When she smiled, Sternholz pulled back, blinking like a surprised turtle. Her smile was so like Yael's that for a moment he seemed to see the mother's face superimposed on the daughter's.

“What was she like?” Sarita asked. “Apart from how she looked—what was she like?”

The waiter's eyes grew hazy with remembrance, and he didn't answer for some time. Then he cleared his throat, hawked once or twice, spat into a handkerchief, and began:

“The first time I laid eyes on Yael was in 1947, after the war but before we kicked the British out. Illegal immigration was at its peak then; practically every night boats came in, to Haifa, Ashdod, Tel Aviv, or the desolate shores of Herzliya, full of refugees from the holding pens of Cyprus. The British knew what was going on, of course. Oh, they tried to stop it, and once in a while they got lucky, intercepted a boat and sent the poor wretches back; but the coastline is long, the captains were experienced, and most of the time the ships got through.

“In fact, so many boats got through that people were beginning to believe that the English were purposely turning a blind eye, but it wasn't true. The British commander of the Tel Aviv region at that time was a mean-hearted spit-and-polish type with the manners of a lord and the soul of a Nazi—Colonel Andrew Dinnis was his name. This Dinnis was an ambitious man who hated the way the ‘Jewish rabble' were making fools of him and his men. He decided to set a trap for the Hagana, especially for the leader of the rescue operation, Yehuda Blume.

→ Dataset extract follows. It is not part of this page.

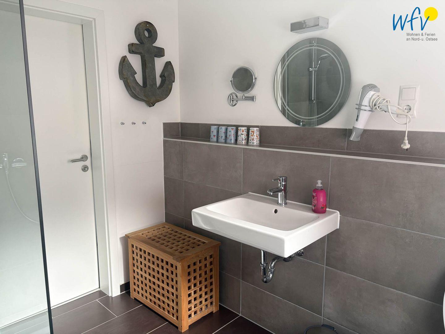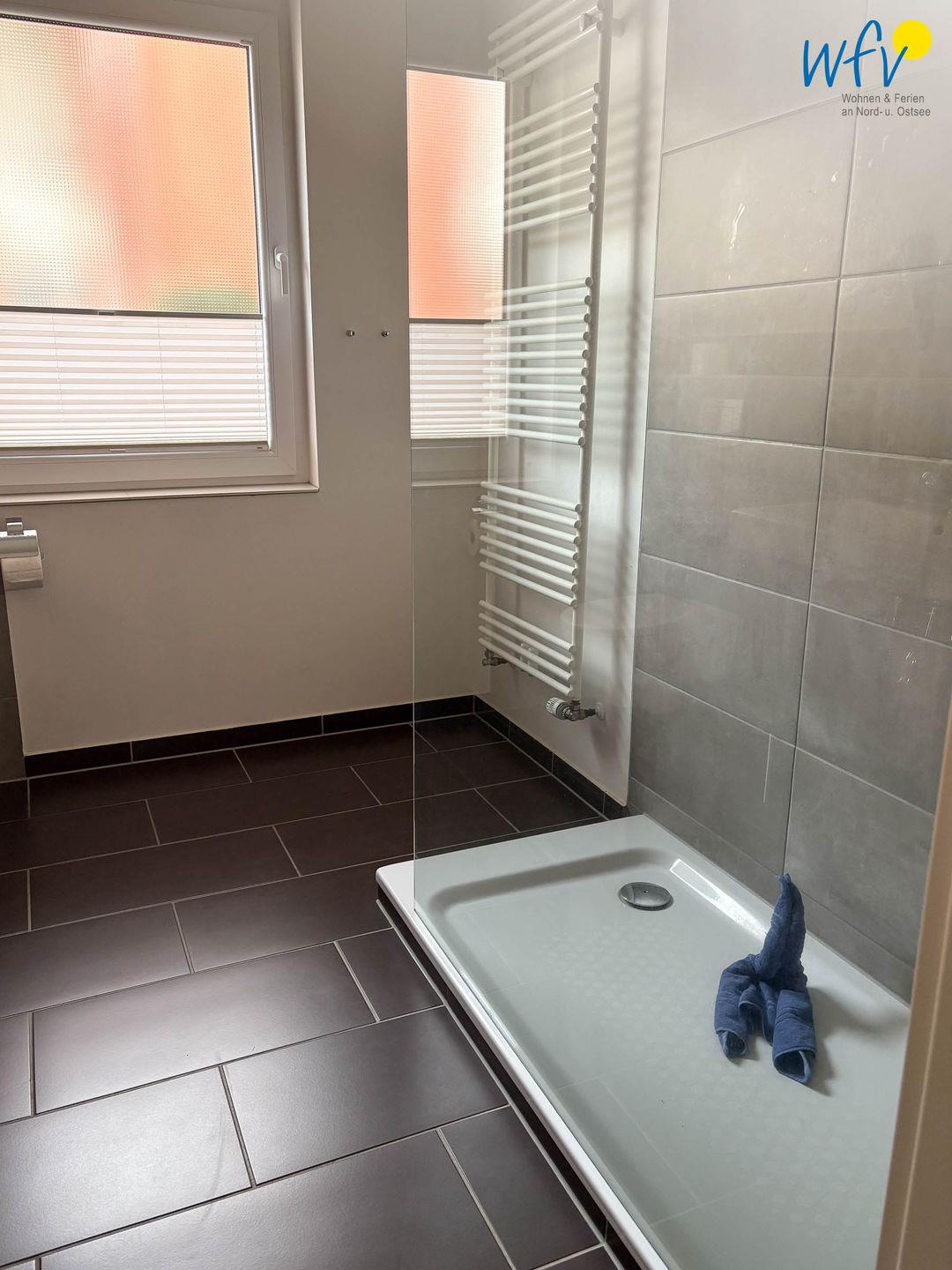 Das gepflegte Tageslichtbad verfügt über eine große bodengleiche Dusche, eine Handtuchheizung, ein Waschbecken und ein WC.

“One night word went out through the usual channels (young boys and girls acting as runners, slips of paper inside synagogue prayer books, kiosk message centers, that sort of thing) that a boat would be coming in late at night to Gordon beach. It was risky coming right into the heart of Tel Aviv, but less so on that night than on most others, for it was New Year's Eve, and the British would be celebrating in the barracks. By ten o'clock that night, you couldn't see a single Hagana face on the streets....”

Running blind, the refugee ship entered the shallows of Gordon beach and anchored. Silently, efficiently, a ragged assortment of small crafts—fishing boats, dinghies, rafts, anything that would float and hold weight—was launched from the beach to bring the refugees ashore. They reached the ship and filled up first with children, mothers with babes in arms, and old people. The small armada set out for shore.

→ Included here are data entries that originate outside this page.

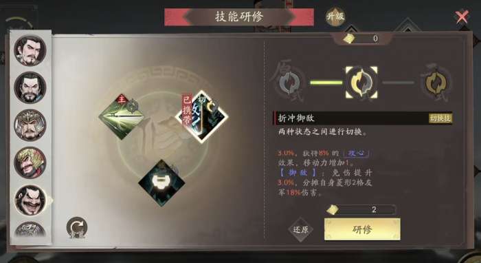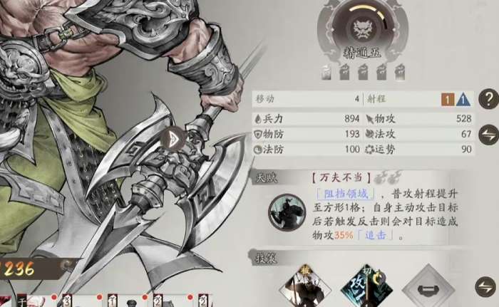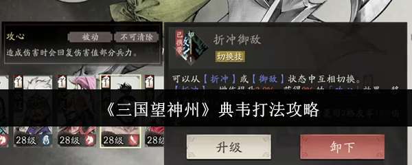 典韦是游戏中一个比较特别的角色,它最大的特点就是可以双形态切换。典韦共有两个形态,分别是折冲和御敌。折冲形态就是他的攻击形态,在该形态下,他的增伤能够提升3%,同时可以获得8%的攻心效果,移动力也可以增加1。而御敌就是它的防御效果,在该形态下典韦自身的免伤效果可以提升3%,并且可以为周围菱形两格范围内的所有友军分摊伤害。基于它的这个特性,很多玩家都会比较纠结在战斗中应该以哪个形态为主要形态,那么小编还是比较推荐御敌,因为其实折冲形态有很多可以替代的武将,并且会表现的比典韦更好,但是如果说你想要寻找一个比较好用的坦克角色,那么典韦绝对是一个很不错的选择。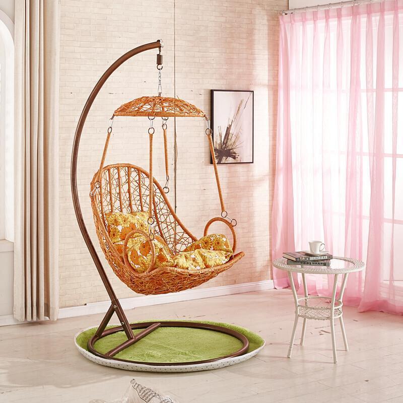 Hall Balcony Hanging Basket Rattan Chair Single Straw Hat Swing Cradle Chair Lazy Leisure Courtyard Chair Pink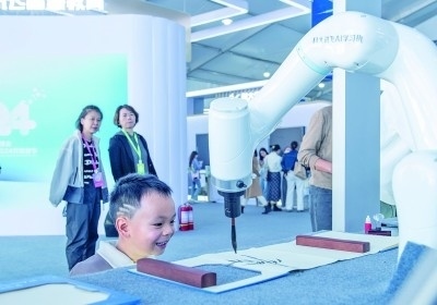 觀眾在參觀第七屆世界聲博會上的一款文藝創(chuàng)作機(jī)器人。新華社記者 傅天攝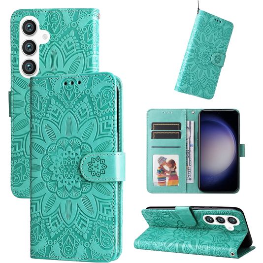 Mobigear Sunflower Samsung Galaxy S24 Plus Hülle Klapphülle Geldbörse - Grün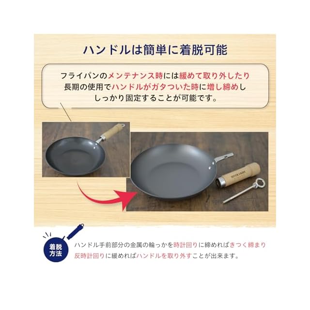 強度を増した鉄なので、金属性のお玉やヘラも、金属タワシでのお手入れも耐える素材です。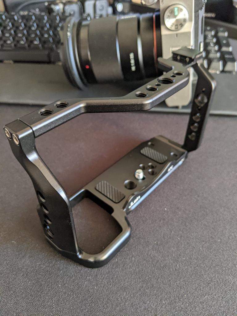 Awesome camera cage. Every side is detachable. Fits very well. Doors on the left are NOT obstructed, which is great. All necessary tools are included. Also, the bigger hex wrench (for the camera screw) is kept by a magnet on the bottom.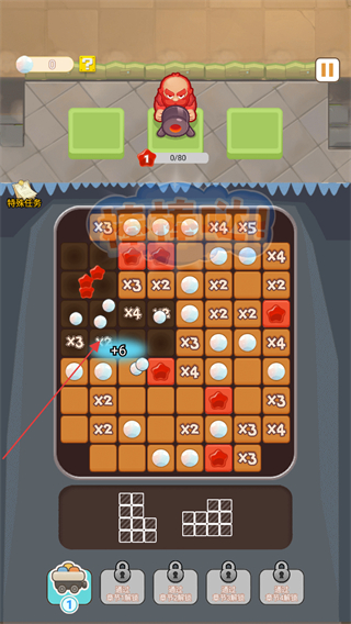 2、触发形状消除操作后,对应区域元素会被清除,同时获得+6等数值奖励。持续积累进度推进关卡目标。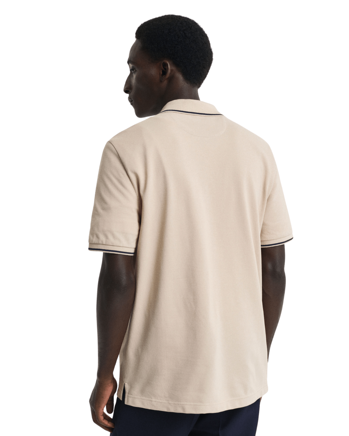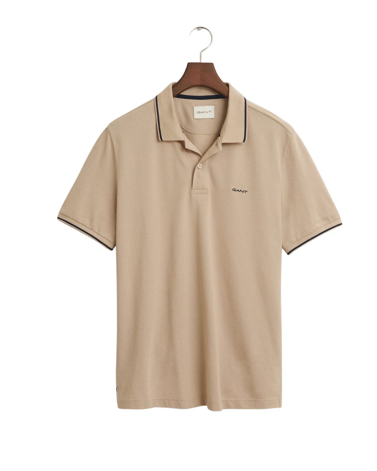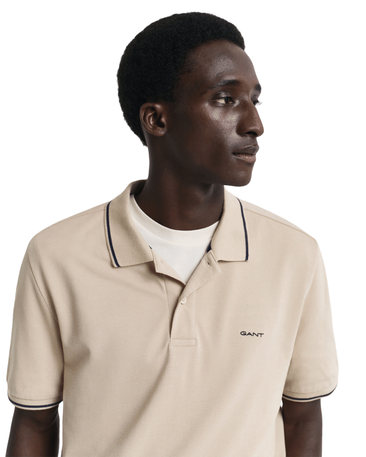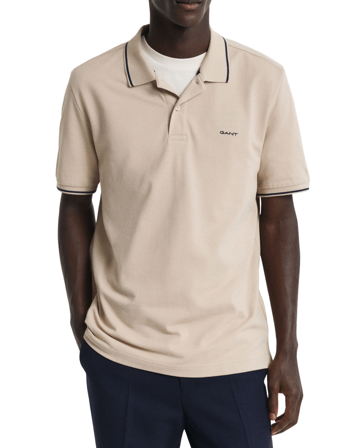 חולצת פולו קצרה לגברים מבית המותג היוקרתי גנט, בצבע בז' אלגנטי.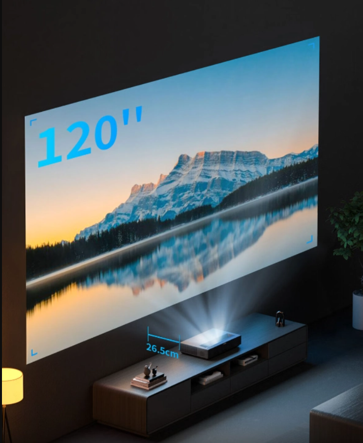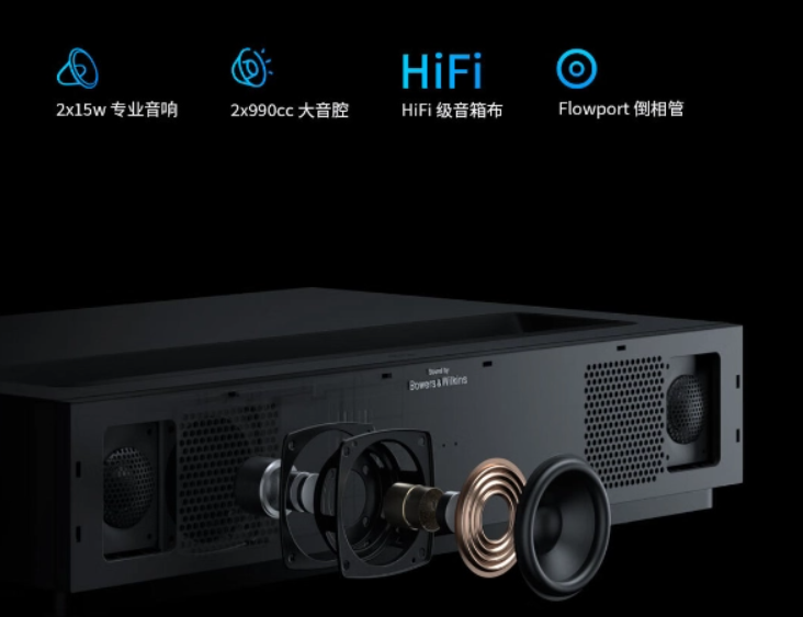 This Fengmi T2 laser TV covers 110% of the BT.2020 color gamut, supports over 1.07 billion colors, and features a 0.21:1 ultra-short focus lens design that projects a 120-inch screen from just 26.5 cm away from the wall.

Suddenly, the beach was flooded with light! British trucks with searchlights mounted on the roofs lined the street, and tenders pulled up one after the other, discharging dozens of armed British soldiers. Colonel Andrew Dinnis himself stood on top of one of the trucks, dressed in full battle regalia, and spoke through a loudspeaker.

“You in the small craft,” he shouted, “come ashore and surrender!”

A terrible cry arose, as if from the sea: an elemental scream of anguish from the throats of those wretched, homeless survivors. It was a sound that would break the heart of anyone with ears to hear. Many of the soldiers faltered and looked to their leader, but he, untouched, stood firm and repeated: “You in the small craft, come in and surrender! You people on the ship, remain there! My men have orders to shoot the next man or woman who disembarks.”

Like lemmings, men and women leapt from the ship into the icy water, heading for shore. Those who couldn't swim were supported by others. Within moments the sea was full of floundering refugees.

“Shoot!” screamed the Colonel.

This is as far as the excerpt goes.